General data structures for thesauri and for agents (people and institutions) and their roles relative to a database or the objects described by a database have been developed. The thesaurus data structure is consistent with the ANSI / NISO Z39.19-1993 standard, Guidelines for the Construction, Format, and Management of Monolingual Thesauri. A report on this data structure can be found at MIP's Relational Data Structures for Implementing Thesauri page.

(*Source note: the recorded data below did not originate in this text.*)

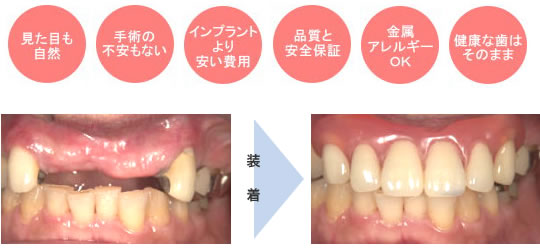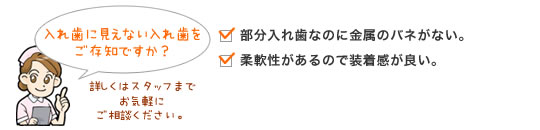 残っている歯に引っ掛けるバネがないので、残っている歯にも負担がかからず、取り外しも簡単です。バネによる入れ歯は、バネのかかった歯に負担がかかり、グラグラさせたり、汚れがつきやすく虫歯の原因になります。また、バネがないので、見た目が自然で若々しい口元になります。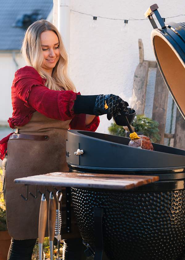 sin Kamado Sumo. Hon gör sin glace med julmust och serverar julskinkan i ett mjukt tunnbröd med hemgjord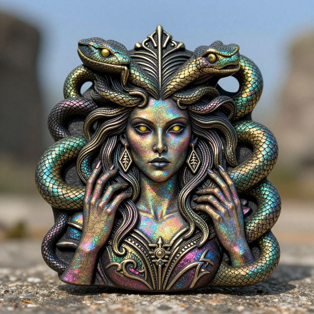 A photograph of an intricately crafted, metallic sculpture of a woman with serpent-like hair. The woman's face is serene with glowing yellow eyes, and her hands are delicately touching her hair. The hair, covered in scales, is entwined with multiple snakes, each with iridescent, rainbow-colored scales. The sculpture's surface has a shimmering, holographic effect. The background is blurred, featuring a sandy, outdoor setting with indistinct shapes, suggesting a natural environment. The woman wears an ornate, decorative chest piece, adding to the mythological and mystical aura of the artwork.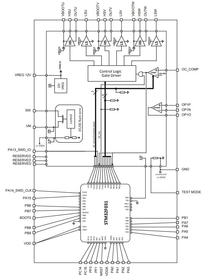 The STSPIN32F0B from STMicroelectronics is a system-in-package that includes a microcontroller, a gate driver, a DC/DC converter, a linear regulator, and an operational amplifier.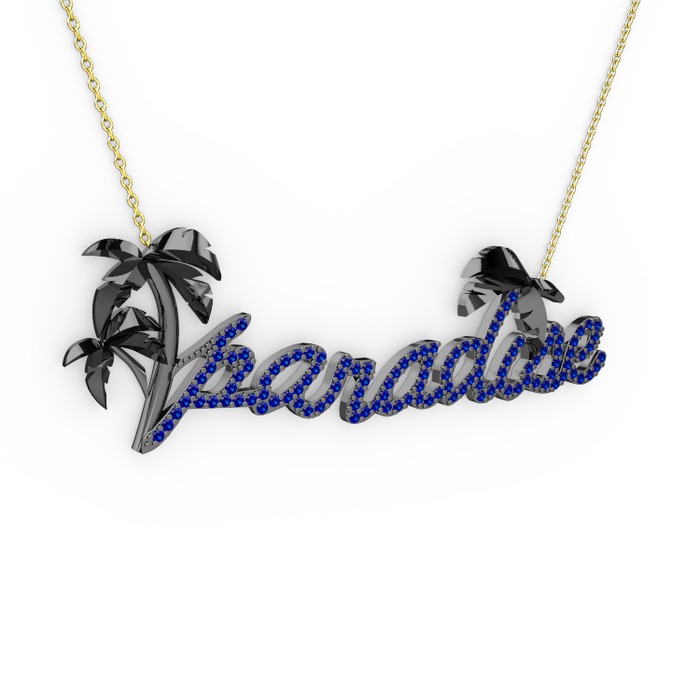 Paradise Kolye - Lab safir 925 ayar siyah rodyum kaplama gümüş kolye (40 cm altın rolo zincir)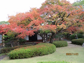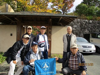内容)10時40分に福岡市営地下鉄「薬院大通(やくいんおおどうり)駅」を出て「松風園」着11時10分、「松風園」の門で記念撮影、園内に入り各自見学、撮影、園内の紅葉をバックに記念撮影して「松風園」をあとに薬院方面へ12時15分に解散しました。
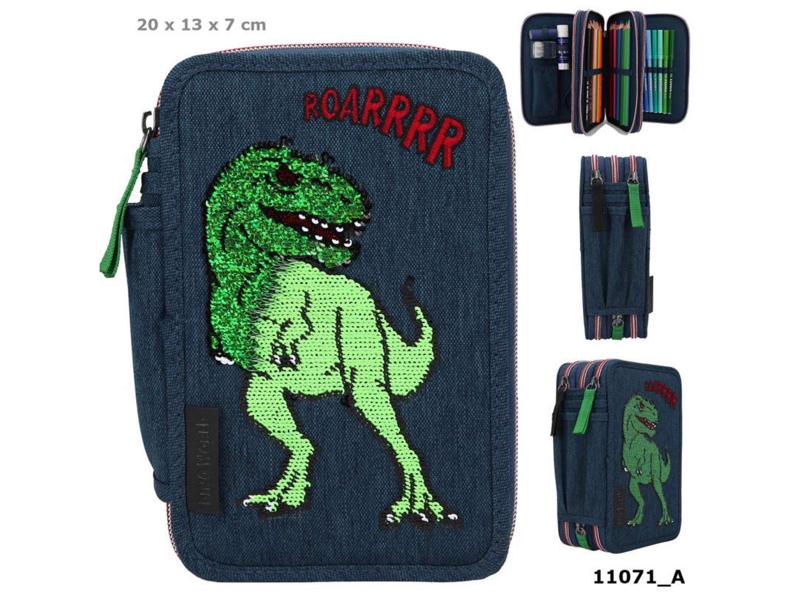 Penalhuset har en flot dino på forsiden med vendbare palietter.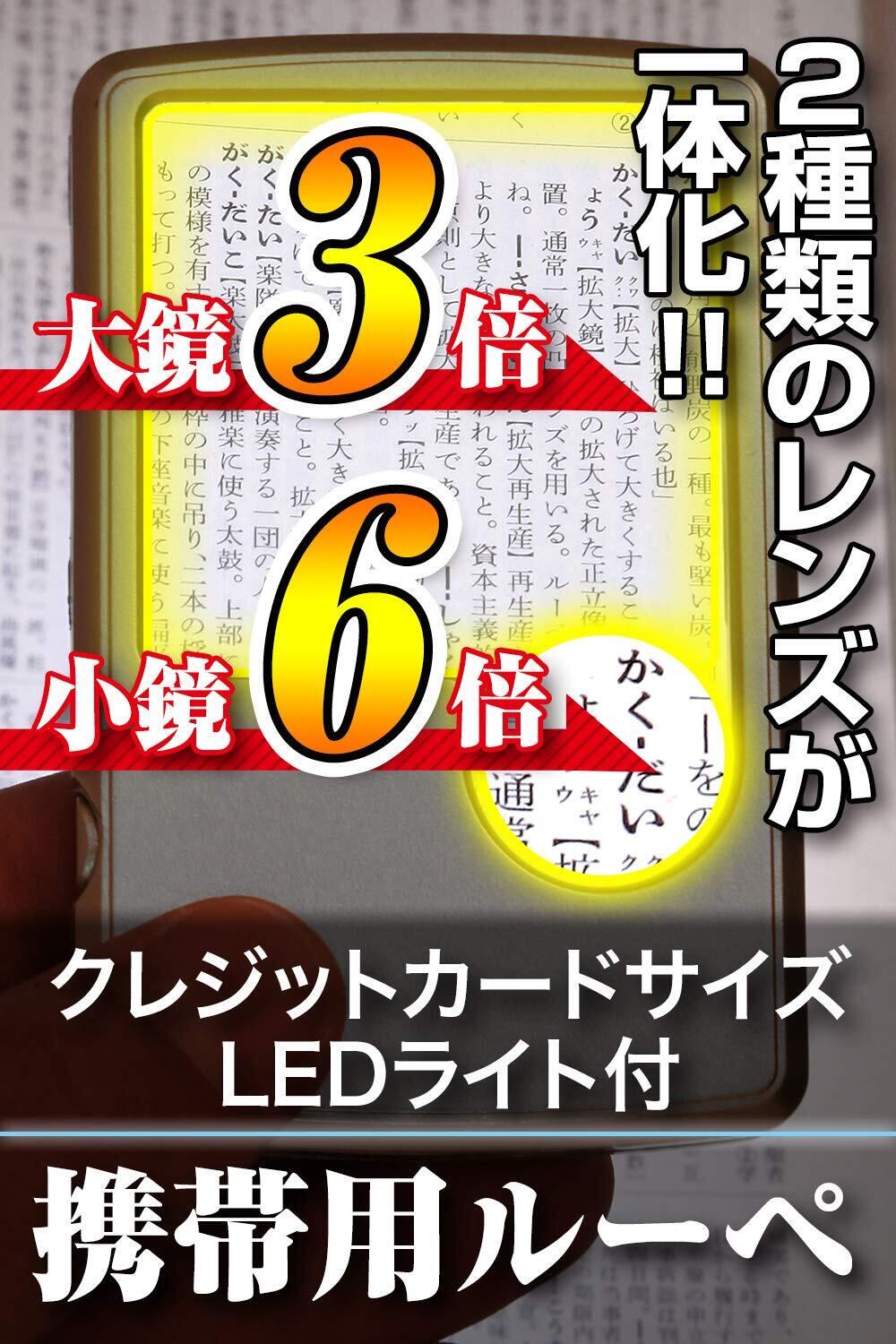 【2種類のレンズが使いやすい!】こちらには3倍と6倍の2つの倍率のレンズを搭載しています。なので、「ちょっと拡大しすぎ…」とか、逆に「もう少し拡大したい…」といった不便を感じることはありません。あなたの視力や読み物など、状況に応じて使い分けられるのはありがたいですよね。それもカードサイズのコレ1つで、とあれば、あなたにとって常に持っておきたいアイテムとなるでしょう。

This thesaurus data structure has been applied to the following thesauri used by MIP projects:

Art and Architecture Thesaurus - a comprehensive vocabulary of nearly 120,000 terms for describing objects, textural materials, images, architecture, and material culture from antiquity to the present.
Thesaurus of Geographic Names - approximately 900,000 records for places, arranged in hierarchies representing all nations of the modern world, and including vernacular and historical names, coordinates, place types, and other relevant information.
Ethnologue - a catalogue of more than 6,700 languages spoken in 228 countries. The Ethnologue lists over 39,000 language names, dialect names, and alternate names and organizes languages according to language families.
Synonymized Checklist of the Vascular Flora of North America North of Mexico - the most recent and most comprehensive compilation of the taxonomy of the North American vascular flora.
Mammal Species of the World - names of 4,629 currently recognized species of mammals, in a taxonomic hierarchy that includes class, order, family, subfamily, and genus.
World Geographic Scheme for Recording Botanical Distributions - a four-level categorization of the major political subdivisions of the world with particular emphasis on the definition of botanical recording units for documenting plant distributions.
Library of Congress Subject Headings - a collection of approximately 250,000 terms widely used in cataloging library materials.

MIP is developing a database of data models for data dictionary support, schema integration, schema reconciliation, and database maintenance. PowerDesigner by Powersoft is being used for this activity. The development of this database is underway and will be an ongoing activity of MIP.